36. A method of making ALA, comprising purifying ALA secreted by the engineered microorganism of claim 24.

37. A composition comprising ALA produced by the engineered microorganism of claim 24.

38. A nutraceutical comprising ALA produced by the engineered microorganism of claim 24.

39. A pharmaceutical comprising ALA produced by the engineered microorganism of claim 24.

40. A method of producing ALA comprising culturing an engineered microorganism expressing an exogenous nucleic acid encoding a lipoic acid synthase polypeptide under conditions which permit the microorganism to produce ALA.

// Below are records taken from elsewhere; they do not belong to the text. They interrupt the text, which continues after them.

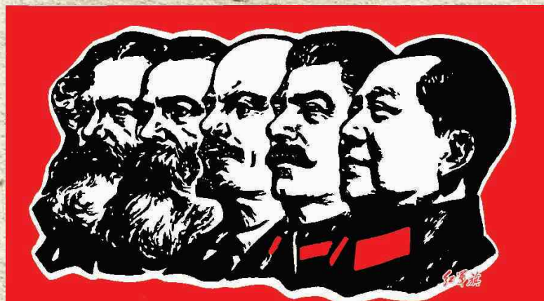
«Москва - Пекин» («Сталин и Мао») 莫斯科北京

数百万中国人将中国共产党成立和国家社会经济形成过程中所得到的帮助与斯大林的名字密切地联系在一起。所以，我们能够理解为什么普通的中国人和中国的领导人消极地接受赫鲁晓夫的《揭露斯大林的个人崇拜路线》。这导致了我们的两国关系处于漫长的“冰河时期”。在今天的中国，对苏联、斯大林和数以千计的中国的自由而牺牲的苏联士兵们不仅仅保留着形式上，而是全民族的尊敬。随着经济合作关系的深入发展，这段历史记忆成为我们两国战略合作伙伴关系的基础。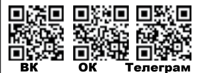
Фото и видео здесь:

Новый храм сможет принять до 300 человек. Он будет представлять собой православный культурно-просветительский центр. Вместе с открытием библиотеки и воскресной школы для детей и взрослых здесь появятся возможности для развития социальных программ, место для репетиций хора, проведения пастырских бесед, приходских собраний, церковных и культурных мероприятий.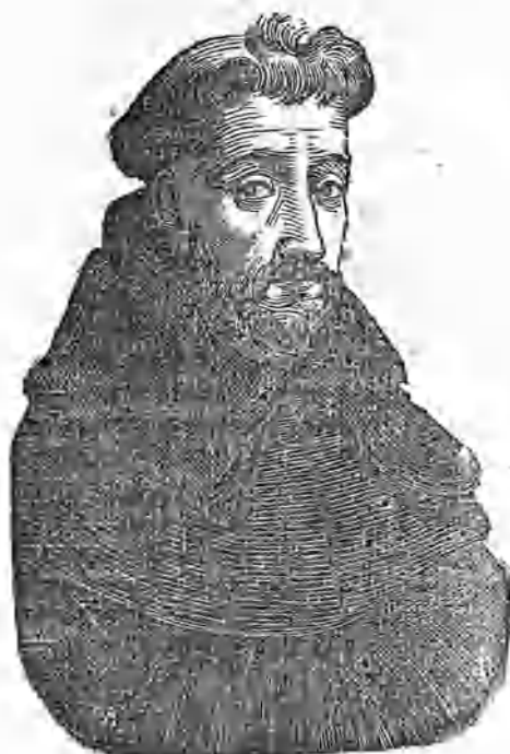
(Fr. Luis de Leon.)

verdadera medida de su fino corazón, es la expresión natural del amor divino y de la fervorosa religiosidad que movieron su pluma en honor de su gerarquía y del catolicismo español hasta el seno del sepulcro. Pero la oda maestra de Leon, la que por los golpes brillantes de la elocuencia poética merece ser grabada en la memoria como verdadero modelo del arte y del buen gusto es la Profezia del Tajo al forzador de la Cava, en la que imitando con ventajas la de Nereo á Paris robador de Helena representa la irrupción de los moros en España, la mar de Berbería cubierta de sus escuadras que desembarcan en el estrecho herculano y el fin de la monarquía goda al sexto día de la sangrienta batalla de las dos bueltas á orillas del Guadalete. El amor de la patria, pasión que puede sola despues de la religion producir el sublime, recalienta todas las estrofas que aun conservan el fuego del sentimiento que las dictó y que llenas de vivas imágenes, de patéticos afectos y de armonía imitativa, arrebatan á la par que deleitan, inspirando eficazmente el interés de tan elevado argumento.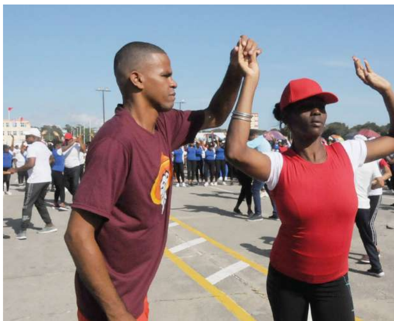
Guantánamo se inserta en el movimiento nacional de ruedas de casino.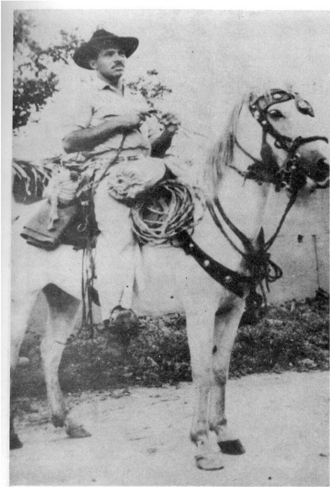
Guadalupe Salcedo, símbolo de la resistencia en los años cincuenta.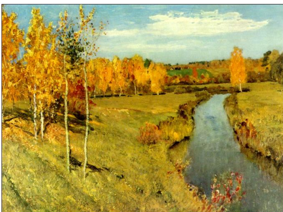
І.Левітан «Золота осінь»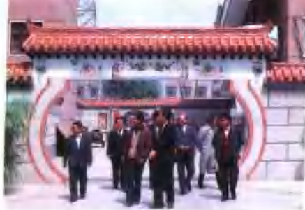
● 邮电职工住宅日臻完善，图为濮阳市邮电局家属院。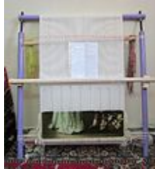
دار قالی، مخصوص بافت تابلو فرش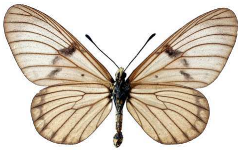
rabbaiae, femelle, verso, Shimba hills, Kenya, 61.JPG rabbaiae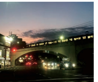
9 银河铁道之夜 阪急王子公园站高架桥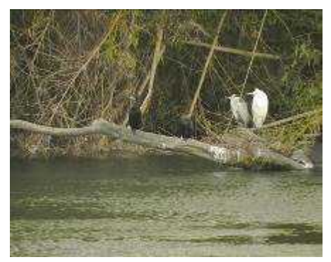
カワウ アオサギ ダイサギ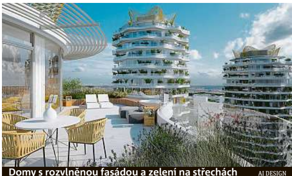
Domy s rozvlněnou fasádou a zelení na střeších AI DESIGN

„I když je tato nová podmínka UNESCO velmi specifická, nezbyvá než ji respektovat, aby se v místě mohlo stavět. Ale protože návrh rozvlněných věží není možné snížit, jelikož by stavby snížením zcela ztrácely své proporce, bude nyní ateliér Evy Jiříčné a Petra Vágnera návrh celé této lokality kompletně předělávat,“ řekl Dušan Kunov-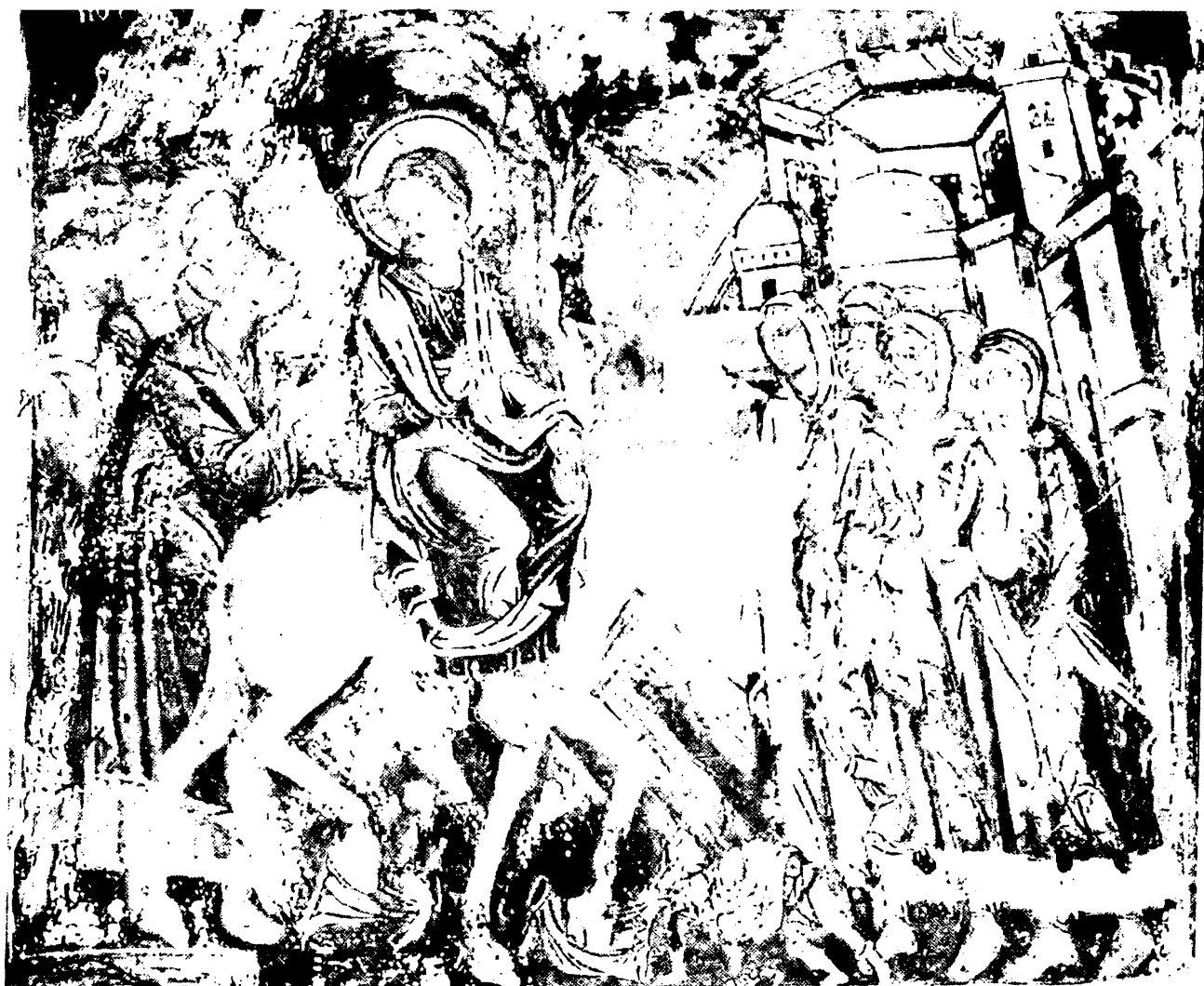
Εικ. 10. Καρίτσα Ιωαννίνων. Μονή Αγίου Νικολάου. Βαΐοφόρος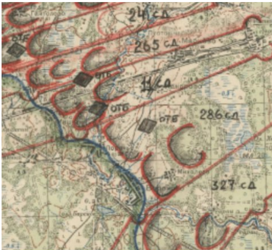
Рисунок 4: Направление наступления 286 СД в сентябре 1942.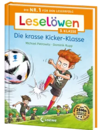
Leselöwen 3. Klasse - Die krasse Kicker-Klasse Hardcover

41. The method of claim 40, further comprising expressing an exogenous nucleic acid encoding at least one polypeptide that assembles or regenerates an Fe—S cluster of the lipoic acid synthase polypeptide.

42. The method of claim 41, wherein the at least one polypeptide that assembles or regenerates an Fe—S cluster of the lipoic acid synthase polypeptide is an IscS polypeptide and/or an IscU polypeptide.

43. The method of claim 41, wherein the at least one polypeptide that assembles or regenerates an Fe—S cluster of the lipoic acid synthase polypeptide is an Nfs1 polypeptide.

44. The method of claim 40, wherein the microorganism produces at least 200 μg ALA per g dry cell weight.

45. The method of claim 40, wherein the microorganism secretes at least a 2-fold greater amount of ALA than an amount of ALA found intracellularly.